The lack of a real classroom does not have to translate into a lack of real learning. As the fall semester approaches, many teachers are banging their heads as they struggle with the complicated transition to online learning. I myself have been preparing to teach an introductory computer science course this fall as a student instructor.
As the fall semester approaches, many teachers are banging their heads as they struggle with the complicated transition to online learning. I myself have been preparing to teach an introductory computer science course this fall as a student instructor. This has led to various discussions with professors, students, and other teachers on how to best transition online. Based on these conversations, I have developed a list of guidelines for teachers this fall. Of course, this is only a small subset of the amazing ideas and techniques that educators can adopt to improve the online teaching experience, but it is a start. It is my hope that they maximize student learning without sacrificing the well-being of teachers.
Keeping up with the pace of the teacher is often the most difficult task for students. We’re all familiar with the image of a frazzled student frantically copying down notes as the slide inevitably changes too quickly. Even before classes went online, this was an issue. It is now arguably worse, since multiple distractions (social media, text messages, etc.) combined with internet connectivity issues often make for a less-than-stellar learning experience. It is easy to miss a crucial 30 seconds, which then leads to confusion for the rest of the lecture.

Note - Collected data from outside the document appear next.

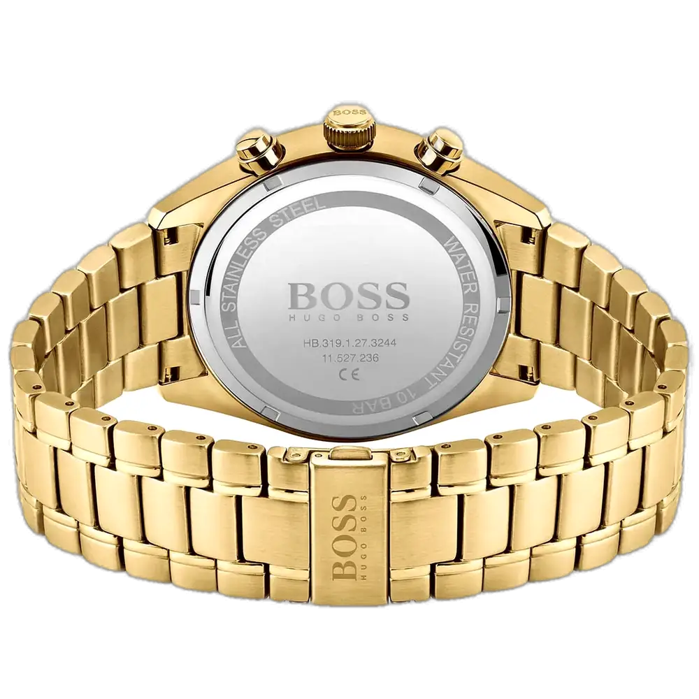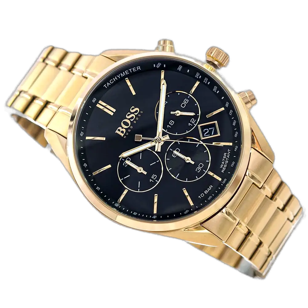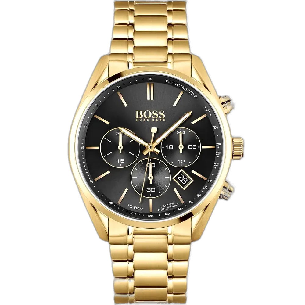 Elevate your winning style with the original Hugo Boss men’s chronograph watch, model (Champion) 1513848. This luxurious timepiece features a bold black dial paired with a refined gold-tone stainless steel bracelet, blending modern elegance with high-performance functionality.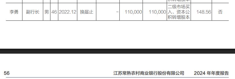 据常熟银行2024年年报,李勇2024年所获薪酬为148.56万元。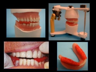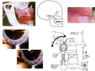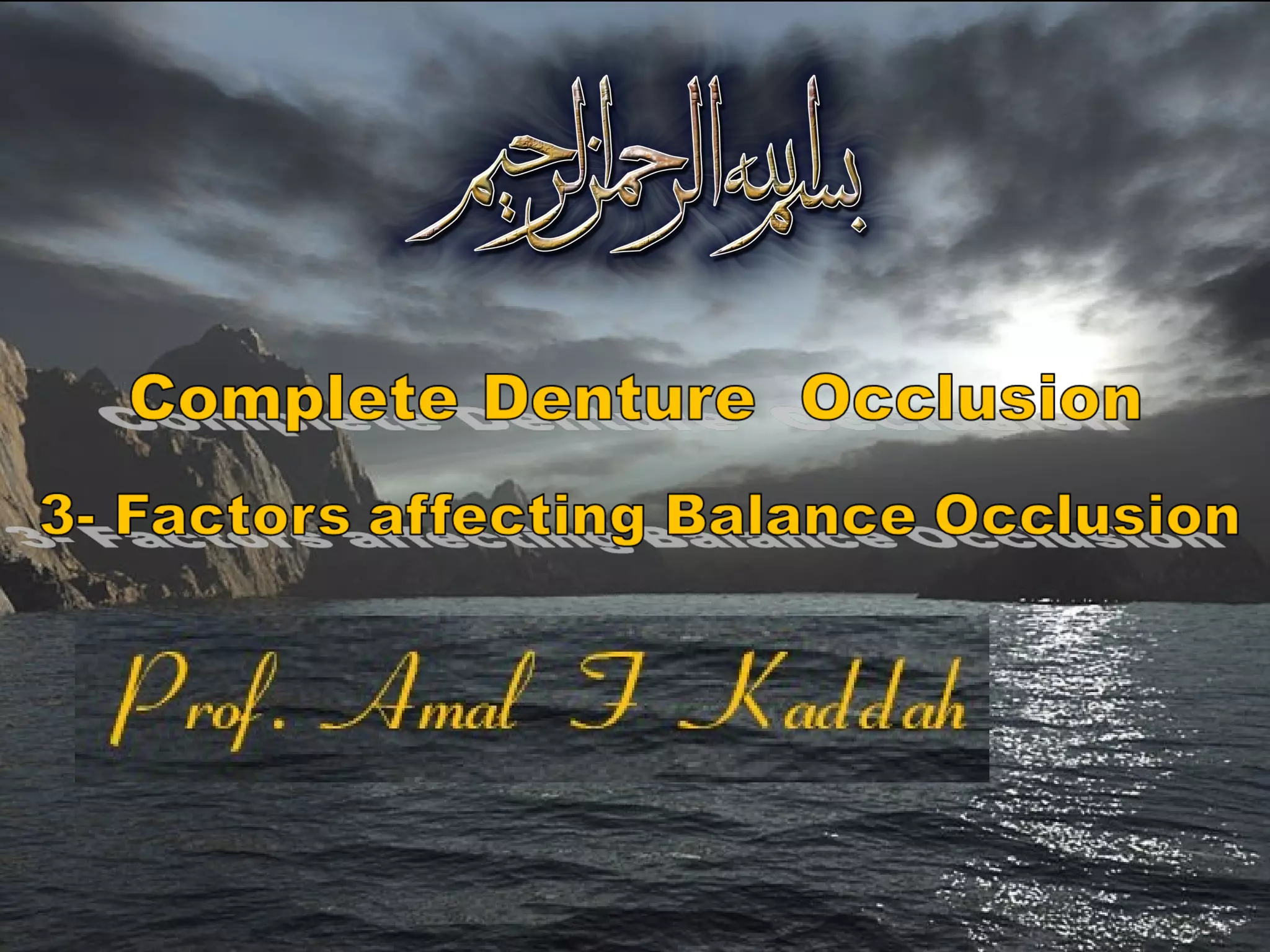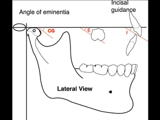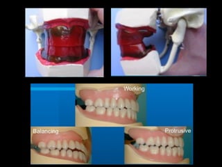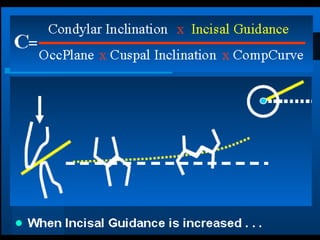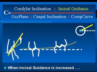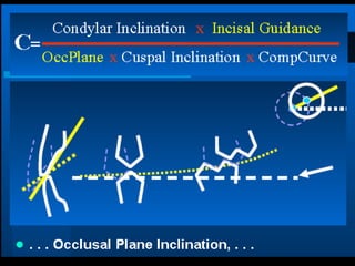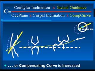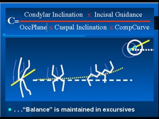 This document discusses the key factors involved in developing balanced occlusion for complete dentures. It outlines five main factors: 1) Condylar guidance, 2) Incisal guidance, 3) Plane of occlusion, 4) Compensating curves, and 5) Cusp angle. It describes how each factor influences mandibular movement and must be considered in relation to the others to achieve balanced occlusion without trauma to tissues. Formulas from Hanau and Theilmann relate these five factors and how modifying one requires adjusting the others to maintain occlusion balance.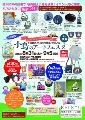 本日、8/31から、横浜京急百貨店(上大岡)にて 『小鳥のアートフェスタin横浜』が開催されています。 販売スペースが去年より更に拡大されて、 ものすごい事になっています…。 私も『月の魚』で参加しています。 新発売は文鳥のコースターを2種類。 あわさん&ごまさんのメモ帳。 ガラスの羽根入れ。 モバイルバッテリー2種類も販売しています。 ガラスの羽根入れは3日の対面販売の時に その場でアレンジも出来ると...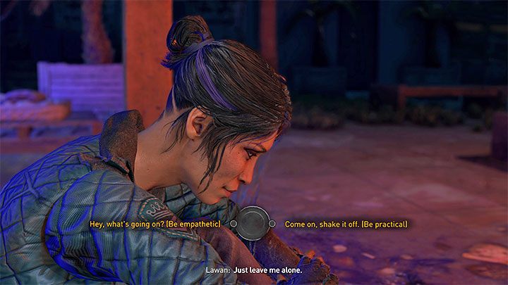 During the conversation with Lawan you can be empathetic or more pragmatic, as well as give her advice regarding Hakon which won't influence the further course of events. You can also optionally ask her a few questions.

Enter the concept of a flipped classroom. Some of you may be familiar with the idea already. The gist of it is pretty straightforward: record your lectures/videos/lessons (i.e. whatever you would normally teach in class) and send it to your students ahead of time. Then, during actual class time, have a guided discussion. Since students will already have seen the material, they can ask questions and clarify any confusions.
Critics of the flipped classroom have argued that it places far too much accountability on students, and that it is wishful thinking to assume that students will put in the necessary preparation before class. This is a fair argument in traditional teaching environments. However, with most teaching happening online anyways, there is no way to guarantee students aren’t simply logging into class and then muting the lecture anyway. As sad as it is, the students who normally would not prepare for a flipped classroom are the same ones who aren’t paying attention in online lectures. This problem requires teachers to think of other solutions; the flipped classroom is not the culprit here. The new online mode of teaching has effectively eliminated the primary disadvantage of flipped classrooms, leaving only improvements to be gained by adopting them.